The article, Power shifts, economic change and the decline of the west, by Michael Cox explores how economy power has been shifting in the last decade towards east from the west. This paper explores the content of this article from an economics perspective by giving personal opinion, rationale for the views, and how the article applies to macroeconomics.
I concur with the article there is a radical economic shift from west to the east, especially with regards to China and India. For instance, I am aware that China is establishing massive industrial parks catalyzed by a robust population of skillful citizens and first class infrastructure. India is becoming a global ICT center supported by highly skilled youthful workers who are developing first generation technological applications and quality innovations at competitive market rates as compared to the counterparts in the western world. Despite the fact that the US had the highest global gross domestic product of 26%, which is more than the GDP of India and China combined, I concur that it is estimated that the trend will change by 2025. I believe that this will happen because the two eastern countries have not stretched their factors of production such as labor, technology, and market as compared to the US. Thus, I am convinced that the shift will continue as the Indian and Chinese economies become more competitive than the US in terms of skills, cost of production, and readily available market.

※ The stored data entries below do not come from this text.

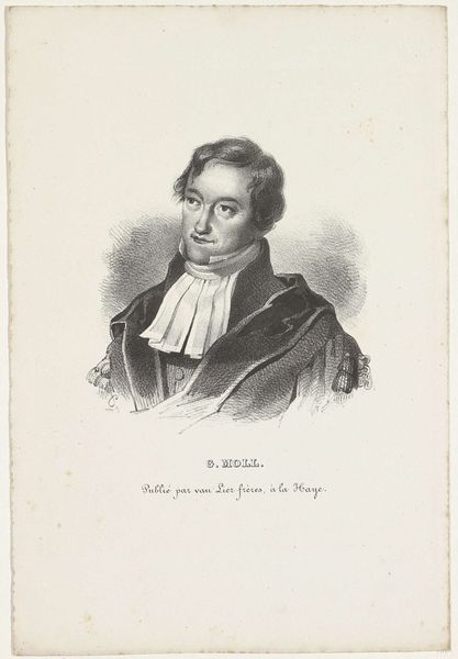 Editor: Here we have Jan Ensing’s "Portret van Frederik Christiaan de Greuve," made sometime between 1829 and 1894. It’s a pencil drawing, and the subject's gaze makes me wonder what he's contemplating. How do you read this portrait? Curator: The image certainly invites contemplation. Consider the time period: mid-19th century. The subject's attire suggests a person of status, perhaps a clergyman or academic. Ensing captures a particular kind of male intellectualism that was deeply rooted in societal power structures. What do you make of the sitter’s slightly averted gaze and hand gesture? Editor: He looks like he’s avoiding eye contact, or perhaps lost in thought. His hand is casually placed; is it meant to convey something about his character? Curator: Exactly. Think about portraiture conventions of the era. Artists were tasked with representing not just likeness but also social standing and moral character. The averted gaze could symbolize modesty or a deeper, more internalized intellect, aligning with philosophical ideals of the time that favored introspection. What social issues might someone like him have been engaging with or perhaps complicit in? Editor: So it's a conscious choice to portray him this way, placing him within the intellectual and social contexts of his time, maybe commenting on privilege or responsibility. The artist is really making a statement beyond just depicting the subject. Curator: Precisely. This portrait serves as a window into the construction of identity during the 19th century, inviting us to reflect on the role of portraiture in reinforcing or challenging prevailing power dynamics. It's much more than just a drawing of a man. Editor: That adds so much depth to the piece. I'm seeing the portrait as more than just an individual likeness, but as a statement about the social and intellectual climate of the time. Curator: Absolutely, it's about critically engaging with history. It's taught me to consider portraiture beyond mere representation and explore the socio-political contexts woven into the very act of depicting someone.
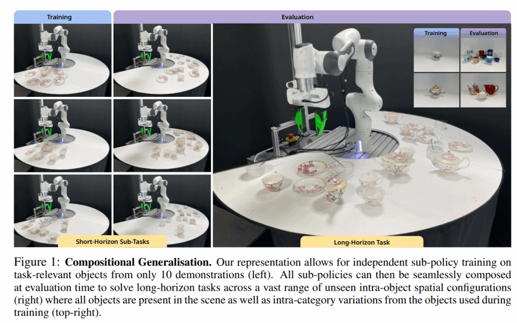 실생활에 로봇이 자율 작업을 수행하기 위해서는 로봇이 차를 준비하거나, 커피를 만들거나, 방을 청소하는 것과 같이 복잡하고 장기적인 작업을 해결해야 합니다. 이러한 작업은 여러 객체 간의 상호 작용을 조정하고 시간 경과에 따라 구조화된 작업 시퀀스로 구성되어 수행되어야 하빈다. 최근 policy learning이나 large-scale demonstration collection의 발전으로 low-level manipulation의 발전을 보이지만, 여전히 샘플 효율성과 구성 일반화에 어려움을 가지고 있습니다. 이러한 어려움은 장기 작업의 일반화를 보장하기 위해서는 길고 단일 궤적에 대한 다양성을 확보한 비현실적인 대규모 시연 데이터를 요구하게 되기 때문이라고 볼 수 있죠.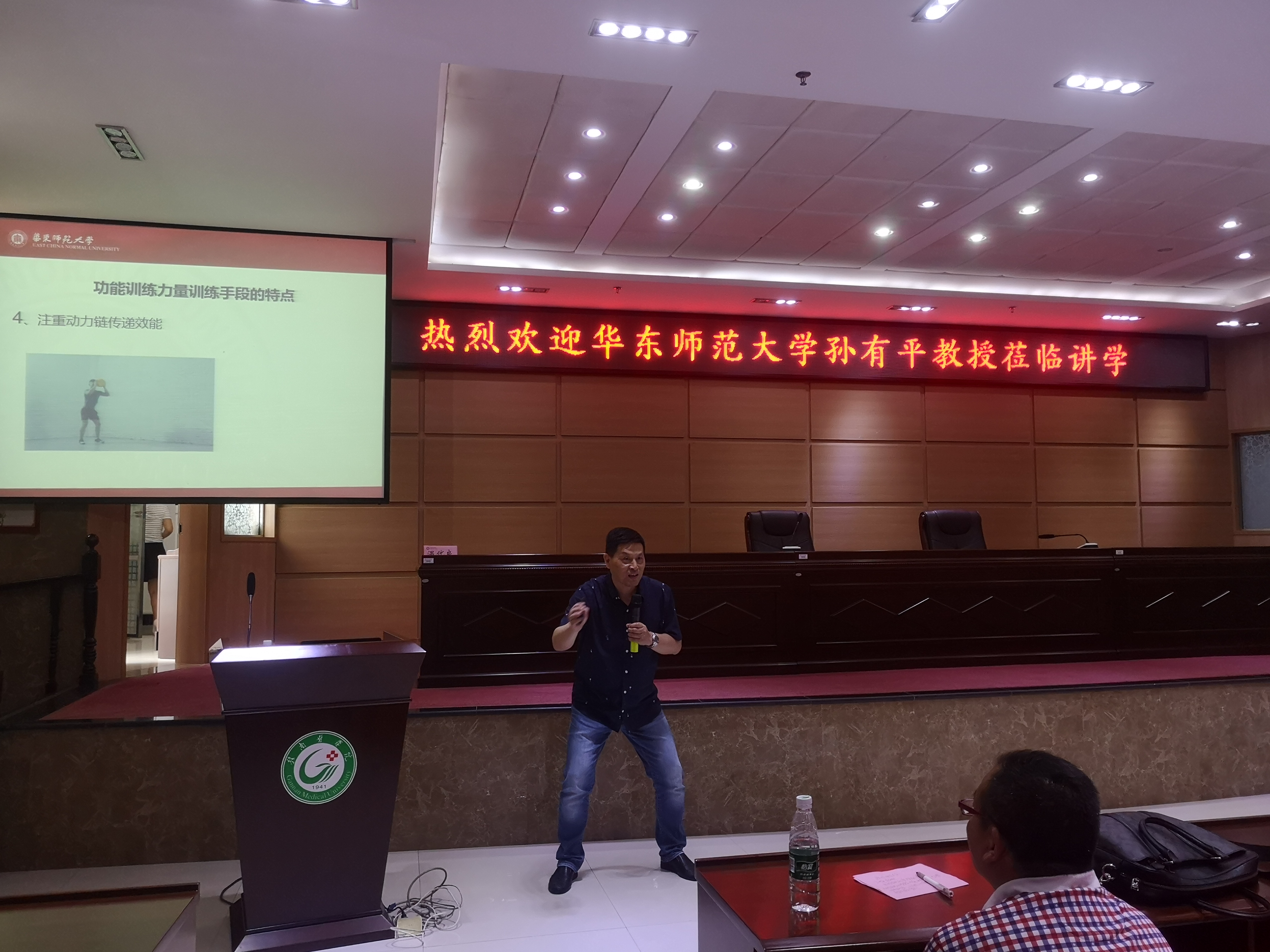 6月5日下午,华东师范大学体育与运动学院孙有平教授应邀来我校讲学,作了题为《现代体能训练及其发展趋势》的讲座。康复学院副院长(主持工作)温优良主持讲座,该院党委书记陈建文、相关学科专业教师及学生200余人到场聆听。

Rationale for Holding this View
The youthful and innovative Indians and Chinese are very optimistic that the economic shift will propel the two countries to become the new global business and innovation leader. The youths in the two countries are well positioned to tap into the underutilized knowledge skills to acquire competitive standing in business incubation and expansion since India and China have very large population that will provide the much needed ready market for the technology based products creating the youths (Cox par. 7). The motivated generations of youthful Chinese and Indian citizens are likely to transform India and China into the next United States by utilizing the current enormous technological and business capacity that is supplementary to create the first high quality and innovative incubational business opportunities. These changes will test industrialized nations’ true commitment to global and open trade since the surplus production, competitive cost of production, and high quality innovative products will be exported to all corners of the globe (Snowdon and Vane 37).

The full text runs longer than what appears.